Let's start by creating a new Next.js project and installing the Ragie TypeScript client:

# Create Next.js App
npx create-next-app@latest

# Change to project directory
cd file-summarizer

# Install the Ragie SDK
npm install ragie

Test your server

To run the Next.js development server:

npm run dev

The server will start at http://localhost:3000. Open this URL in your browser to see the default Next.js app home screen.

After installation, create a .env.local file in your project root and add your Ragie API key:

RAGIE_API_KEY=<your_api_key_here>

Building the file upload interface

We'll create a simple file upload interface using Next.js. First, let's create the main page component:

// app/page.tsx
'use client';
import { useRouter } from 'next/navigation';

export default function Home() {
  const router = useRouter();
  
  // TODO: Implement function
  const handleUpload = () => ();

  return (
    <div className="p-8">
      <h1 className="text-2xl font-bold">Summarizer</h1>
      <input
        type="file"
        onChange={handleUpload}
      />
    </div>
  );
}

Making a page.tsx file a client component with the 'use client' directive is typically advised against, but we can do it here for demonstration's sake.

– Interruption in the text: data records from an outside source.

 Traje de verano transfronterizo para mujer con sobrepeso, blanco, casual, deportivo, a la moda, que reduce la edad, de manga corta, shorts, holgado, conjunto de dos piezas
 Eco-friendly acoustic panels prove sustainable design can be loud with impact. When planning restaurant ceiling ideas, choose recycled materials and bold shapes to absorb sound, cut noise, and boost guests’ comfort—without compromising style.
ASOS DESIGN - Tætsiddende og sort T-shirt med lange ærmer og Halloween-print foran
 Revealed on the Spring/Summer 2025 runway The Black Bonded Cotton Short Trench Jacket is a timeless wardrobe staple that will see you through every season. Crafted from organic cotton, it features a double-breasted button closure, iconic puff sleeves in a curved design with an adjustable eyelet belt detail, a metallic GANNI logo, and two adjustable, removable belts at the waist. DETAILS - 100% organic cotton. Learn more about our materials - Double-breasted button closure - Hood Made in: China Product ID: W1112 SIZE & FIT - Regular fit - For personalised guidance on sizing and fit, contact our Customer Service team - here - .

Next, we'll implement the file upload handler (handleUpload) that sends the file to our API:

const handleUpload = async (e: React.ChangeEvent<HTMLInputElement>) => {
  const file = e.target.files?.[0];
  if (!file) return;

  const formData = new FormData();
  formData.append("file", file);

  const response = await fetch("/api/upload", {
    method: "POST",
    body: formData,
  });

  const data = await response.json();
  router.push(`/documents/${data.docId}`);
};

Here we define the handleUpload function to take the file from the component and send it to our API at /api/upload. After the upload is complete, we redirect the user to the document page. For a more robust implementation, check out Summarie which includes drag-and-drop support, file size limits, and file type validation.

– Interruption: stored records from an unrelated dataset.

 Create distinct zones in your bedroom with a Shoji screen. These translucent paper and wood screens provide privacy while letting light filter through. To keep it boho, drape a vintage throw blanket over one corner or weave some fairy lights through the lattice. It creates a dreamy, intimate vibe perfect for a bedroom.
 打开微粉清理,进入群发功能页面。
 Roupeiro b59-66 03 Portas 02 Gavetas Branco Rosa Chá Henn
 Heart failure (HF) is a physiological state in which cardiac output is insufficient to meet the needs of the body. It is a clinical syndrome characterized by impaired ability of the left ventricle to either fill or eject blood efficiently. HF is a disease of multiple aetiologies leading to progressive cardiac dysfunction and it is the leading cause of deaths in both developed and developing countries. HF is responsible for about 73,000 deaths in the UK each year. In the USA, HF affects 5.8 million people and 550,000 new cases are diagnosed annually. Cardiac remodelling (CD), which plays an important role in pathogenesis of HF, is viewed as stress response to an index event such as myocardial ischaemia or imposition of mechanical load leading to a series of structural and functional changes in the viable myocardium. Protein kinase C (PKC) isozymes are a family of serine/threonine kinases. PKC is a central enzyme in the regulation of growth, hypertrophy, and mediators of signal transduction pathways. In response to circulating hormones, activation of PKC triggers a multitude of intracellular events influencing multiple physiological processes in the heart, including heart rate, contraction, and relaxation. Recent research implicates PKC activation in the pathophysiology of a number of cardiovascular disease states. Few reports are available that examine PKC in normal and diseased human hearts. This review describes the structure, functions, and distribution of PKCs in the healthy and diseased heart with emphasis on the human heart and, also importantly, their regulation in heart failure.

Implementing the upload API

Create an API route handler to process file uploads and send them to Ragie.

(Note: It is very important we use a route handler like this so we do not expose our API key to the client.)

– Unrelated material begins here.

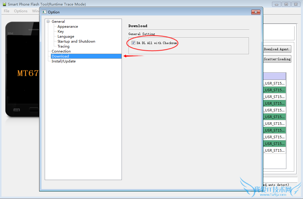 3.点击Option,在弹出选项中选择Download,在弹出的选框中勾选“DA DL All with Checksum”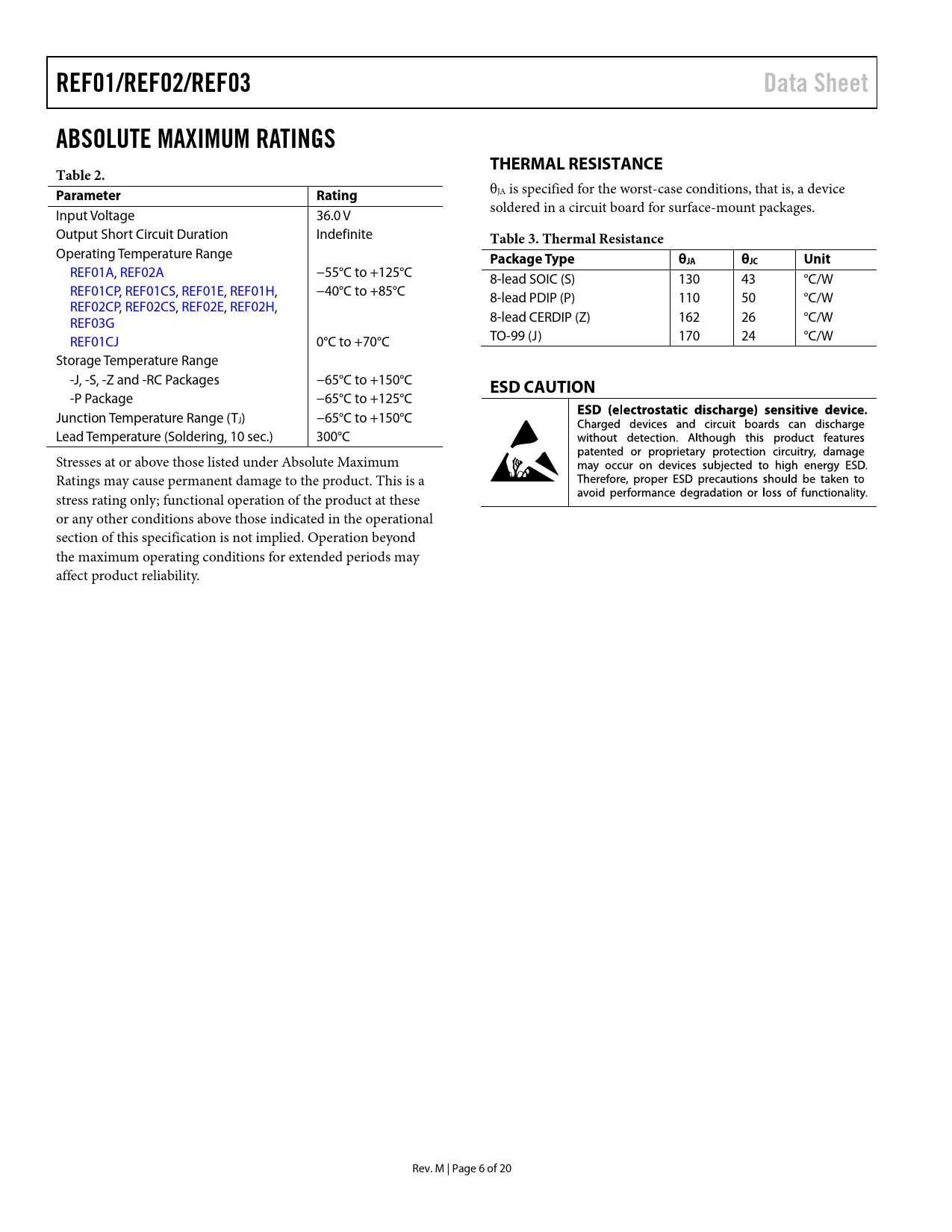 REF01/REF02/REF03. Data Sheet. ABSOLUTE MAXIMUM RATINGS. THERMAL RESISTANCE. Table 2. Parameter. Rating

// app/api/upload/route.ts
import { NextResponse } from "next/server";
import { Ragie } from "ragie";

export async function POST(request: Request) {
  const formData = await request.formData();
  const file = formData.get("file") as File;

  const ragie = new Ragie({
    auth: process.env.RAGIE_API_KEY,
  });

  const result = await ragie.documents.create({
    file: file,
    mode: "hi_res",
  });

  return NextResponse.json({docId: result.id});
}

That's it! Once the user submits our form, the file will automatically begin processing in Ragie. For production use, consider adding metadata to track user IDs and other relevant information like we did in Summarie.

Tracking document status

Once uploaded, files are automatically parsed, chunked, and indexed. You can get information about a document, including its status, with the Get Document API call.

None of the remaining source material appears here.